Renata Scotto, already 47 at the time and thus more than 30 years older than the role she is assuming, has one of her Indian Summer days. In the first act she sounds and looks appropriately young and skittish, though not naïve. She sings an intense ‘In quelle trine morbide’, showing us with her messa di voce what an experienced singer can do. She continues in that vein till the passionate outburst of ‘Sola, perduta, abandonata’. Her well-known shrillness is not much in evidence and even when it appears she is such an experienced artist it becomes part of well-thought out interpretation. Pablo Elvira starts out with a few rough patches but soon gives us a well-rounded portrait of the most unthankful baritone role in the Italian repertoire. Almost no one can improve on Renato Capecchi’s Geronte (I heard Italo Tajo and he came near) while Philip Creech, with Afro-haircut in these early politically-correct days, is a lively though somewhat throaty Edmondo.
Apart from often great singing, great sets and costumes there is great acting too. A practical theatre genius as Gian Carlo Menotti (and his stage assistants too) must have done quite a lot of thinking. How to strike a balance between acting that still has meaning and is visible in the Met’s Family Circle without looking ridiculous during close-ups on small TV-screens? Menotti succeeds magnificently, helped of course by Scotto and Domingo who were always stage animals. There is nothing hammy in their acting. There are no over gross gestures which can be so easily ridiculed in cheap humour shows: remember Del Monaco in his Japanese telecasts? There are literally dozens of fine acting touches by everybody on the stage, important in those gone days without titles. TV director Kirk Browning probably has studied the production book till he could dream it as he misses nothing while at the same time he too succeeds in finding that balance between house and home audience.
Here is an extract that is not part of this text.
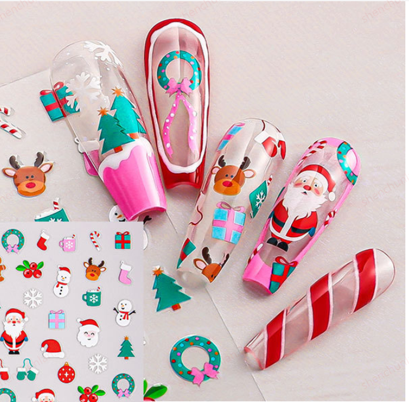 MeoMagic Zelfklevende gel nagelstickers, kerstthema: sneeuwman, kerstboom, sneeuwvlok, geschenk, rendier, roze-wit-rood-groen, 1 set

Musically the whole of it is energetically and sympathetically conducted by James Levine who welds everything and everybody in one long and continuing sweep; no mean feat for an opera where there is such a deep abyss between the first and the later acts. Those too were the days when during the lovingly sculpted intermezzo the cameras remain on conductor and orchestra without a lot of extra musical activity on the scene to draw all attention too. Probably the best sung and best acted Manon Lescaut to be found on DVD.